Your response to the data below should hold nothing except the lines from the one containing "実際の単相電源で使用するイン" down to the one containing "Hvidløg i olie med", reproduced exactly and without pictures.

**AVAILABLE DATA:**
━━━━━━━━━━

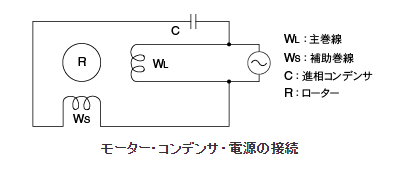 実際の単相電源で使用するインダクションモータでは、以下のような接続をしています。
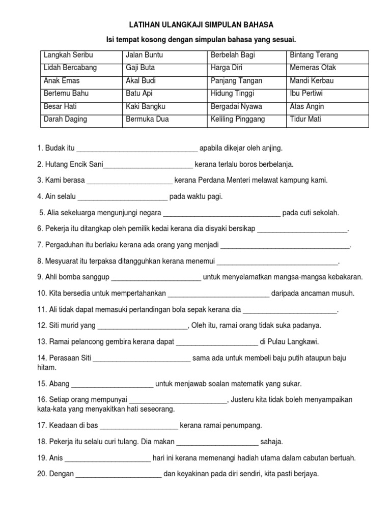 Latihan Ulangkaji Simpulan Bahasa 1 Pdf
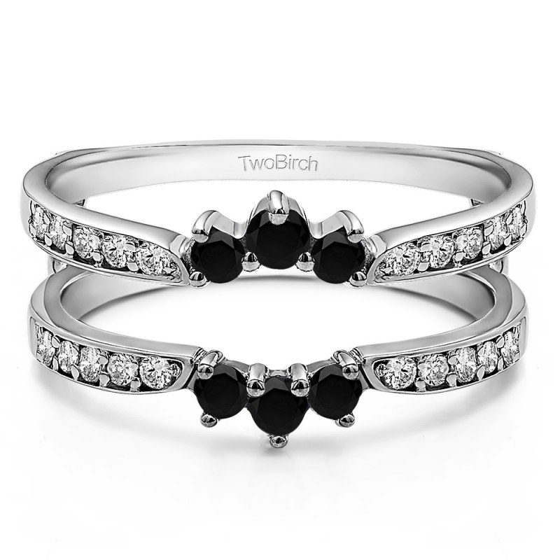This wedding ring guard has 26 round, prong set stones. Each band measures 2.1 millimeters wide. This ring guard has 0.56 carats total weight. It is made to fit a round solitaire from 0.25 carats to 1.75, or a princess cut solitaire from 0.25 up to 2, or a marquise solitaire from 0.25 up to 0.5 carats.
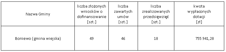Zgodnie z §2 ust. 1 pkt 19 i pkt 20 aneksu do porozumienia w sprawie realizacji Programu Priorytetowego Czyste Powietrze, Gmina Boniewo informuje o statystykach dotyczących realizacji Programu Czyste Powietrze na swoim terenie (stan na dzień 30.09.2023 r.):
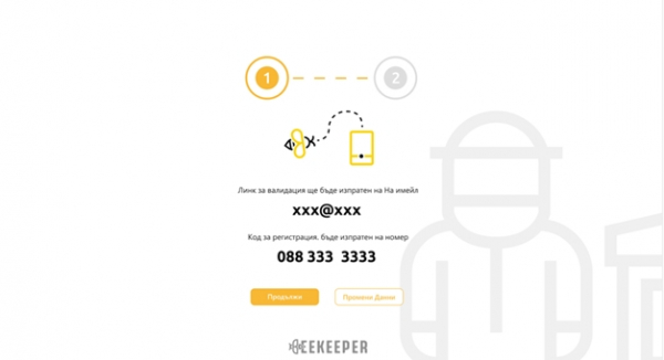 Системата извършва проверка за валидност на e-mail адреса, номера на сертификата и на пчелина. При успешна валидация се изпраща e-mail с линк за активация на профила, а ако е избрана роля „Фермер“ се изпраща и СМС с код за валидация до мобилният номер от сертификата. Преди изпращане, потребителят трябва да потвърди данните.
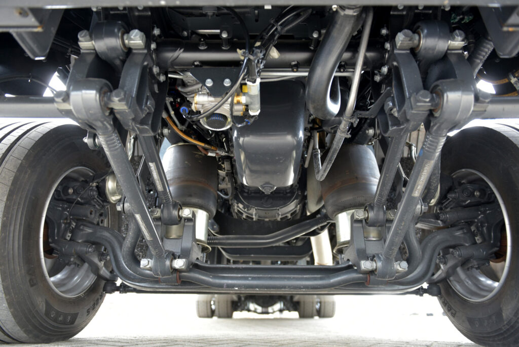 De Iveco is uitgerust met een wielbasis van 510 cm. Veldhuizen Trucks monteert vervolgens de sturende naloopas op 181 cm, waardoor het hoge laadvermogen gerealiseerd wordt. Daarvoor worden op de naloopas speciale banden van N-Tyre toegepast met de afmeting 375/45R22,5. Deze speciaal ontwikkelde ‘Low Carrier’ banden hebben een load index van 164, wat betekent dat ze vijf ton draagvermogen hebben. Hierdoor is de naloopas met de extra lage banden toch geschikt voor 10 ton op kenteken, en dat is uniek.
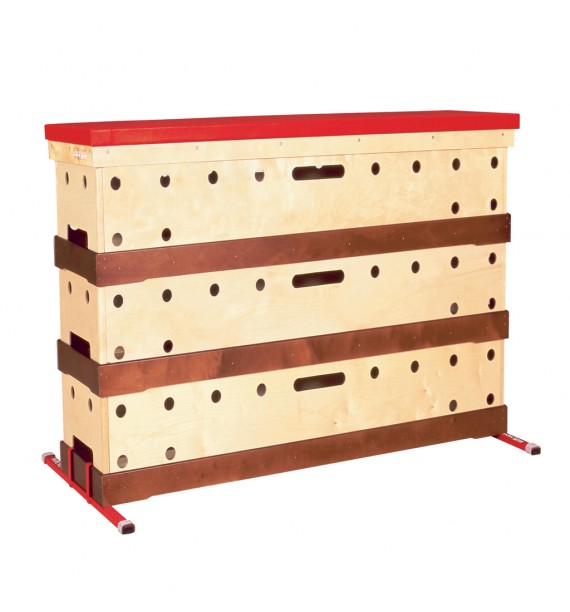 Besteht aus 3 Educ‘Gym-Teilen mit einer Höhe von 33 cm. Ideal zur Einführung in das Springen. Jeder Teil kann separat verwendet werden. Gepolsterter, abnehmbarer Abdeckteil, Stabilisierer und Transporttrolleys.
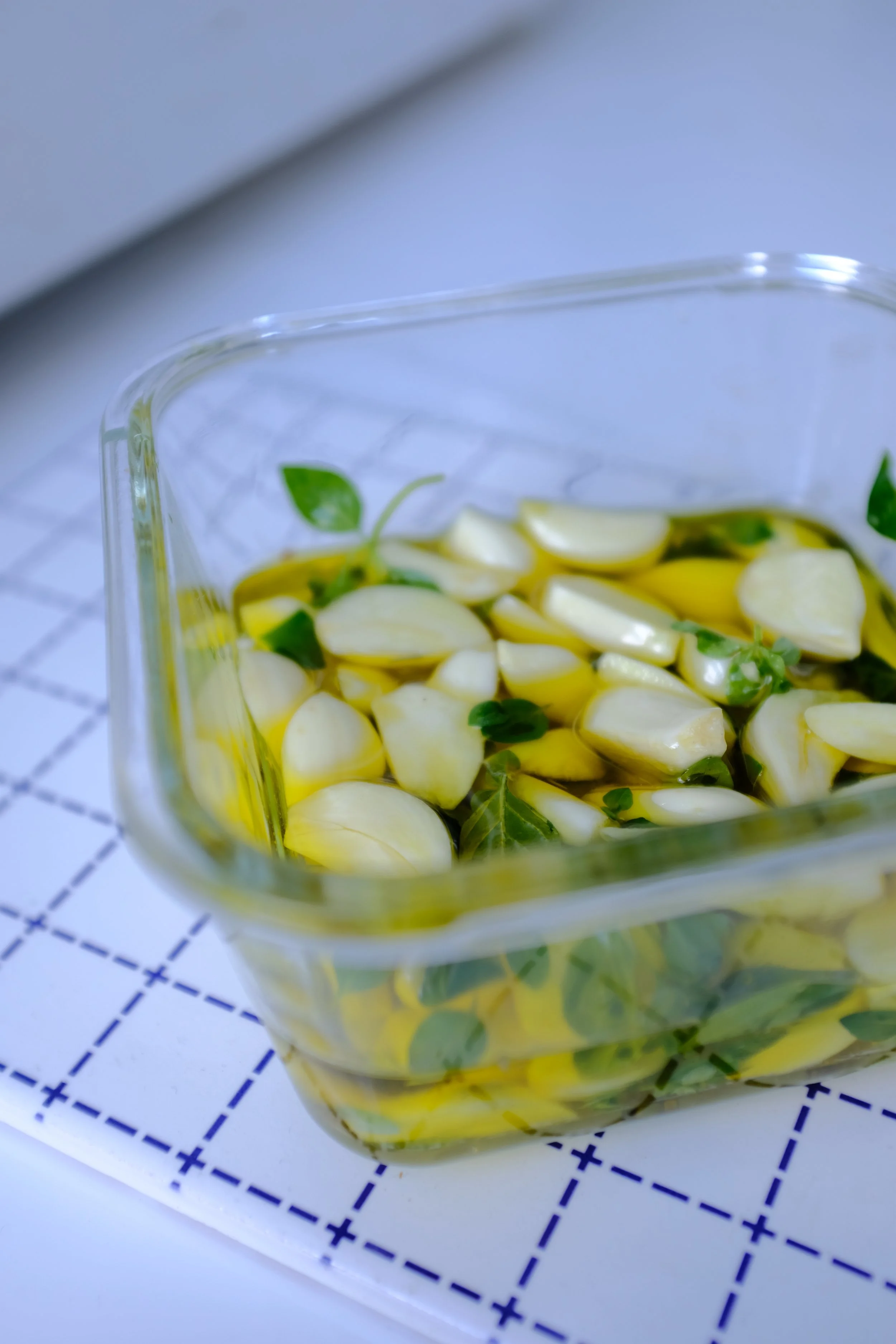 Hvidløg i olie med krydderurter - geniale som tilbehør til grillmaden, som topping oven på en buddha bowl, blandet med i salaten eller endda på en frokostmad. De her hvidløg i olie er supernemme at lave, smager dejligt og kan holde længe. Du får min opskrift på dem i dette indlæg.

━━━━━━━━━━

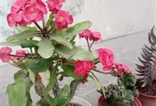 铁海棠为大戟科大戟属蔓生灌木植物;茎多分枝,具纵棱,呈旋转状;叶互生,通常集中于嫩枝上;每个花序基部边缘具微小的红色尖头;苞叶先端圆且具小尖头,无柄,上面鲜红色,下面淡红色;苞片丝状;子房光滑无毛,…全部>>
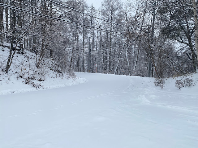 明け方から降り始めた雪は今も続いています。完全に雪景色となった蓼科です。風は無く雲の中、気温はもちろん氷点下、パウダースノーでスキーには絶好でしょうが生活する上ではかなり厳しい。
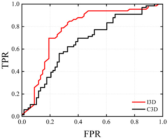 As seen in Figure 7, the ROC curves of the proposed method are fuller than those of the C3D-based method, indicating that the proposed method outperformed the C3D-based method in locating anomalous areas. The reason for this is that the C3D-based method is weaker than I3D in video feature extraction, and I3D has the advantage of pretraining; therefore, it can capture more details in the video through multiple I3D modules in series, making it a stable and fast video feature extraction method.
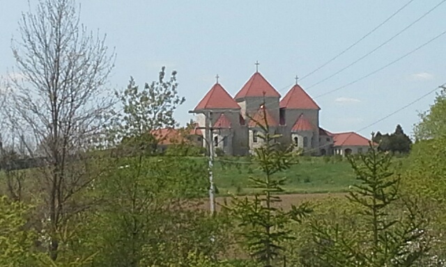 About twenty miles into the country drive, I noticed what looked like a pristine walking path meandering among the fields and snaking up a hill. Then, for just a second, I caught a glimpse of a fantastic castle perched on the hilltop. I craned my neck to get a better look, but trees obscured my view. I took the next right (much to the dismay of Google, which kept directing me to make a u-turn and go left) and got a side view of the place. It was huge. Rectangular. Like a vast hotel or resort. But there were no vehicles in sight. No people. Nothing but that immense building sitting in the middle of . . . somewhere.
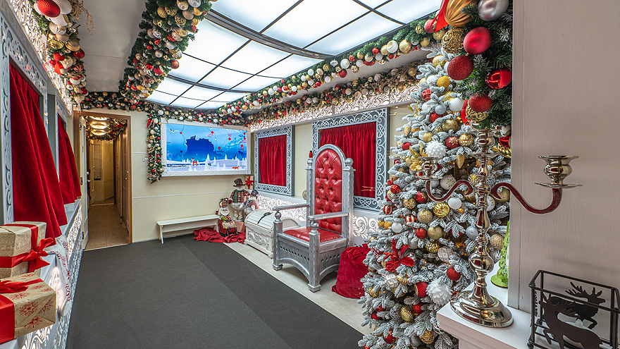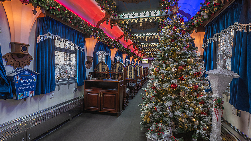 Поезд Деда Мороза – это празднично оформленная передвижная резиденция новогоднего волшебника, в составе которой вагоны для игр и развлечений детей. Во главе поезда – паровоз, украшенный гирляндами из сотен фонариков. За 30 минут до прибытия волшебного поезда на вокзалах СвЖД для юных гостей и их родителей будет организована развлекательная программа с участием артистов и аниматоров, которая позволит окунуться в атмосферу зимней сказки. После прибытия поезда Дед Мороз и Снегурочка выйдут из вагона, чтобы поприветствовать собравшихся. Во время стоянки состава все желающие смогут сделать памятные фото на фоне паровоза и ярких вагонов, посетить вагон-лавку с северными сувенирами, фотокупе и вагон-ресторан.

━━━━━━━━━━

**EXERCISE SOLUTION:**
 実際の単相電源で使用するインダクションモータでは、以下のような接続をしています。
 Latihan Ulangkaji Simpulan Bahasa 1 Pdf
This wedding ring guard has 26 round, prong set stones. Each band measures 2.1 millimeters wide. This ring guard has 0.56 carats total weight. It is made to fit a round solitaire from 0.25 carats to 1.75, or a princess cut solitaire from 0.25 up to 2, or a marquise solitaire from 0.25 up to 0.5 carats.
Zgodnie z §2 ust. 1 pkt 19 i pkt 20 aneksu do porozumienia w sprawie realizacji Programu Priorytetowego Czyste Powietrze, Gmina Boniewo informuje o statystykach dotyczących realizacji Programu Czyste Powietrze na swoim terenie (stan na dzień 30.09.2023 r.):
 Системата извършва проверка за валидност на e-mail адреса, номера на сертификата и на пчелина. При успешна валидация се изпраща e-mail с линк за активация на профила, а ако е избрана роля „Фермер“ се изпраща и СМС с код за валидация до мобилният номер от сертификата. Преди изпращане, потребителят трябва да потвърди данните.
 De Iveco is uitgerust met een wielbasis van 510 cm. Veldhuizen Trucks monteert vervolgens de sturende naloopas op 181 cm, waardoor het hoge laadvermogen gerealiseerd wordt. Daarvoor worden op de naloopas speciale banden van N-Tyre toegepast met de afmeting 375/45R22,5. Deze speciaal ontwikkelde ‘Low Carrier’ banden hebben een load index van 164, wat betekent dat ze vijf ton draagvermogen hebben. Hierdoor is de naloopas met de extra lage banden toch geschikt voor 10 ton op kenteken, en dat is uniek.
 Besteht aus 3 Educ‘Gym-Teilen mit einer Höhe von 33 cm. Ideal zur Einführung in das Springen. Jeder Teil kann separat verwendet werden. Gepolsterter, abnehmbarer Abdeckteil, Stabilisierer und Transporttrolleys.
 Hvidløg i olie med krydderurter - geniale som tilbehør til grillmaden, som topping oven på en buddha bowl, blandet med i salaten eller endda på en frokostmad. De her hvidløg i olie er supernemme at lave, smager dejligt og kan holde længe. Du får min opskrift på dem i dette indlæg.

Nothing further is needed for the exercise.